One, Penwest Pharmaceuticals Co., priced a $25.09 million private placement of stock and warrants.

The placement is expected to include 8.14 million units of one share and one half-share warrant at $3.0825 per unit.

The Danbury, Conn.-based company develops pharmaceutical products based on proprietary drug delivery technologies. It said it will use the proceeds for product development and working capital.

Penwest's stock closed up 26 cents, or 8.58%, at $3.29 on Thursday (Nasdaq: PPCO).

Napo pockets $2.55 million

Elsewhere in the sector, Napo Pharmaceuticals, Inc. said it concluded a $2.55 million private placement of stock and convertibles.

The placement included a $2.25 million convertible with an interest rate of 3.2%. It matures July 31.

Of the note, 25% is convertible into common stock at 27.9p per share. The rest will be repayable in cash at maturity.

Investors who bought the note also received warrants for 3,049,965 common shares, exercisable from July 31, 2008 until March 3, 2013 at 27.9p per share.

In addition, Napo said it raised about $300,000 by selling 600,000 common shares at 25p each.

In connection with the financing, Napo said it obtained extensions of payments to several contractors, deferring about $1.5 million of payments until July 31.

In exchange, those contractors received warrants for a total of 1,084,432 common shares, also exercisable from July 31, 2008 to March 3, 2013.

Based in South San Francisco, Calif., Napo focuses on the development and commercialization of proprietary pharmaceuticals for the global market.

Proceeds of the financing will be used for working capital as the company works toward three clinical benchmarks.

Napo also announced that it recently received full control over the Western commercial rights of crofelemer, a late-state proprietary gastro-intestinal compound.

"We are pleased to announce this financing which allows us to continue to move forward with our Phase 3 CRO-HIV trial.
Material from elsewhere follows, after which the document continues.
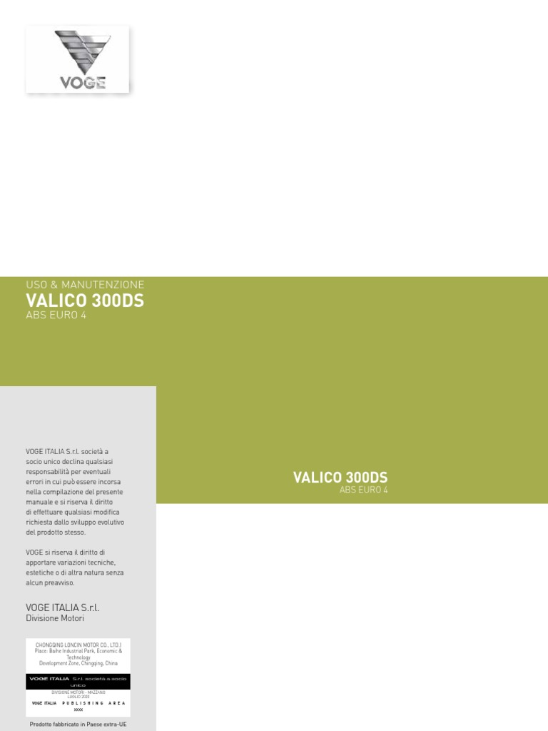 ricambi originali VOGE. Per tutte le informazioni in merito alla garanzia del suo VALICO 300DS la invitiamo a leggere con cura il

Regaining the commercial control over crofelemer in western territories for all indications is a transformational moment for Napo," Lisa Conte, Napo's chief executive officer, said in a news release.

Its shares closed unchanged at 28.99p on Wednesday, the date of the last trade (London: NAPL).

Parkervision sells stock

Over in high-tech, semiconductor maker Parkervision, Inc. said it raised $9.33 million from a private placement of stock.

The company sold 1,110,999 common shares at $7.50 per share for $8.33 million. It also sold 129,200 shares to its chief executive officer and chairman Jeffrey Parker at $7.74 per share for $1 million.

"We expect this financing to bridge our working capital needs until such time that we begin generating royalty revenue from our current licensees. We are extremely pleased with the quality of both new and existing investors participating in this offering," Parkervision's chief financial officer, Cindy Poehlman, said in a news release.

Located in Jacksonville, Fla., Parkervision develops semiconductors used in wireless products.

Its stock finished Thursday up 52 cents, or 6.62%, at $8.38 (Nasdaq: PRKR).